Over the past 15 years, the company, together with partners
such as the World Wide Fund for Nature (WWF), the United
Nations Children’s Fund (UNICEF) and Save the Children, has
developed a broad-ranging environmental and social
program.
• Wood is one the main raw materials in IKEA’s furniture
products, and the company’s contribution to more
sustainable forest management can be seen in the company’s
IWAY Forestry Standard, which contains basic requirements
for all suppliers that supply solid wood, layer-glued veneer
and plywood. Among these minimum requirements IKEA has
established that the wood must not come from forests that
are harvested illegally or related to social conflicts, with
suppliers required to verify compliance.
20. Sustainability
• Cotton, another main raw material necessary
in the manufacture of IKEA’s textiles, is also
subject to policies that promote its sustainable
production. One hundred per cent of the
cotton used for IKEA products now comes from
more sustainable sources. IKEA has partnered
with WWF in order to provide hands-on
training and support for approximately 60 000
farmers in Pakistan and India, two of IKEA’s
main cotton-sourcing countries. Training on
better cotton-farming practices includes
reduced use of chemical pesticides, lower
consumption of water and a reduction in the
use of chemical fertilisers.
21. Sustainability
• IKEA believes it can help reduce the
carbon-dioxide emissions of its own
operations while supporting its
customers’ efforts to live sustainably.
IKEA buildings are home to over 750
000 solar panels and 416 wind
turbines, which together generate 73
per cent of the energy used in the
company’s operations. Five key
IKEA markets now offer solar-energy
systems to their customers, in
addition to the company’s ongoing
promotion of LED bulbs.
22. Sustainability
• IKEA’s Social Initiative was enacted in 2005 to
promote the rights of every child to a healthy, secure
childhood and access to quality education. As part of
the Initiative, IKEA works with two leading global
organisations for children’s rights, UNICEF and Save
the Children. IKEA invests in a range of programs
with a holistic approach to having an impact on the
lives of children, concentrating its longterm
commitments in South Asia – especially in India,
which is an important supplier to the company and
where children’s needs are dire and child labour is
prevalent. A similar program involves the company’s
SUNNAN solar-powered lamp. For every SUNNAN
lamp sold in IKEA stores, a similar lamp is provided
to enable children in homes without electricity to do
their homework.
23. Ikea vision
• IKEA’s vision is ‘to create a better
everyday life for the many people’. It
wants to offer good-quality, durable and
functional home-furnishing products.
The company is just as committed to
making the world better with its various
sustainability initiatives and
humanitarian efforts.
24. Tutorial 8- questions
1. How standardization benefits a business process and commercialisation?

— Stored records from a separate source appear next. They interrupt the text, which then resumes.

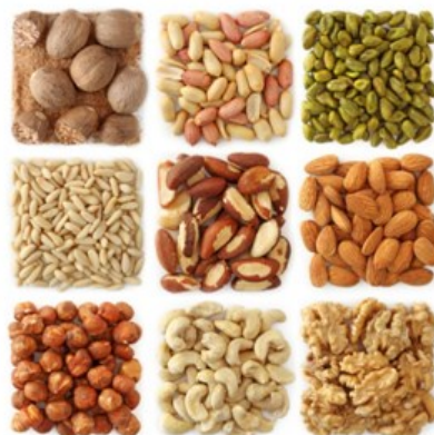
Fruits à coque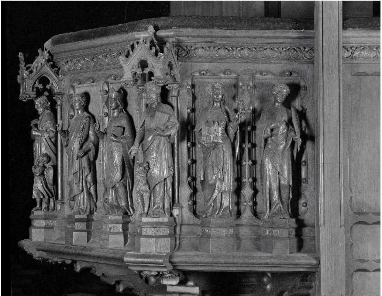
Détail de la cuve : vue des statues de l'évangéliste saint Marc, de sainte Radegonde et de saint Crépinien.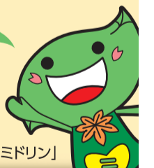
緑区キャラクター「ミドリん」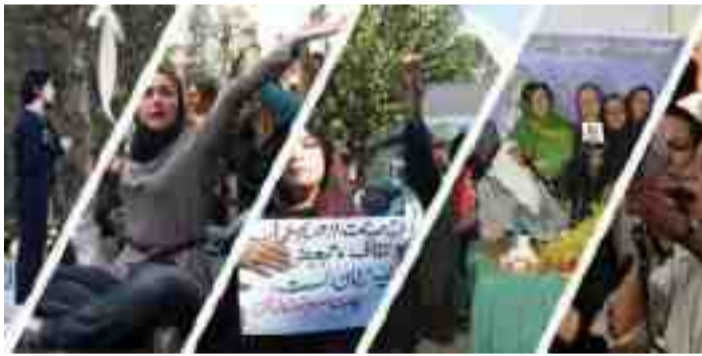
بزووتنەۋەي ژنانى ئىران، مۇتەكەي كۆمارى ئىسلامى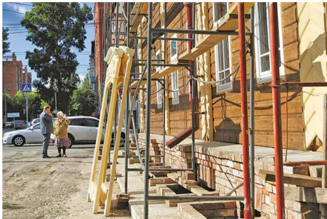
При реставрации дома по пр. Фрунзе, 32а, удалось сохранить значительную часть подлинных бревен

Инвесторы восстанавливают исторический облик города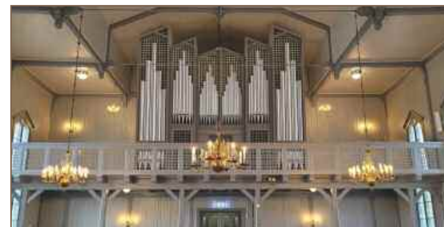
Byggingen av dette vakre orgelet starter i 2024.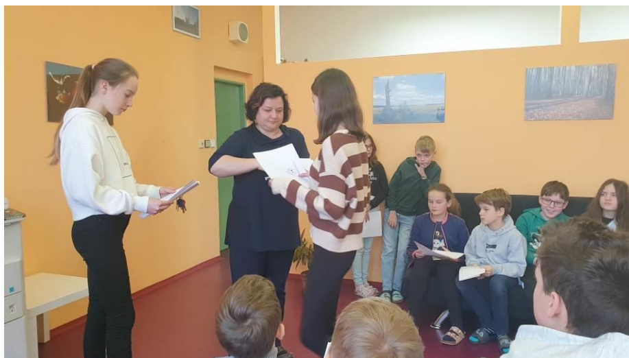
Obr. 6 schůzka s žákovským parlamentem – rozdělení úkolů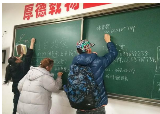
各部门进行招新宣传

为给 2017 级新生提供一个锻炼自我，展示自我，提升自我的平台，同时也为学生会干部队伍输送新鲜血液，确保学生工作可持续的发展。艺术系于 2017 年 11 月 22 日在拱门大厅开展了第一届学生会招新宣传活动，艺术系新生踊跃报名，现场气氛热烈。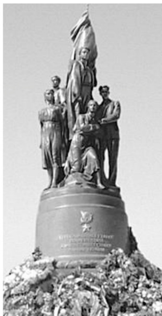
Братская могила захоронения молодогвардейцев г. Ровеньки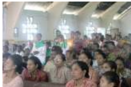
Gambar 1.2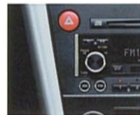
オフブラック内装のパネルサイドは本アルミとなります。

高音質なサウンドを車内空間に響かせる。それはB4が奏でるプレミアムスポーツの愉しみにふさわしいパフォーマンスのひとつでもあります。だからこそB4は、歪みのないクリアな音質にこだわったMcIntosh社プレミアムオーディオを、その進化とともに一新。フロントスピーカーは、高音域用のツイーターや低音域用のウーファーのほか、中音域専用のスクーアーを装着した3way方式。ツイーターには広い指向性をもつダブルツイーターを採用。さらにリヤ部には迫力の重低音を再現する大口径スーパーウーファーを装着するなど、計13個のスピーカーを配備。またボディ側に専用の防振材を配置し、入念なチューニングを施しました。歪みを低減するパワーガード回路を搭載した150Wパワーアンプとともに、よりクリアで緻密なサウンドを実現します。さらにヘッドユニットはCD-R/RW対応のインダッシュ6連奏CDチェンジャー、MDプレーヤー、AM/FMチューナーを一体化。エアコンパネル、シフトノブとともにブラックで統一するなど、音質・機能・外観すべてに本格派ホームオーディオを彷彿とさせる。こだわりを徹底。B4でのドライブをどこまでも豊かなものにします。メーカー装着オプション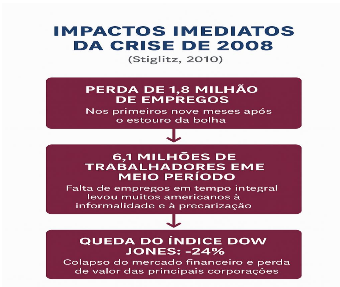
Figura 6- Impactos imediatos da crise de 2008.

No entanto, mesmo com todas essas evidências havia segundo o autor certa não aceitação por parte do governo Bush em relação a crise inclusive proferiam discursos otimistas de que a crise iria ser vencida naturalmente pelas forças do mercado.

2. What has allowed IKEA to be successful with a relatively standardised
product and product line?
3. How does the experiential marketing approach help improve sales in Ikea?
4. Which features of ‘young people of all ages’ are universal and can be
exploited by a global/regional strategy?
5. How does CSR attract customers?
6. IKEA’s Social Initiative was created to manage the company’s social
involvements on a global level. Why?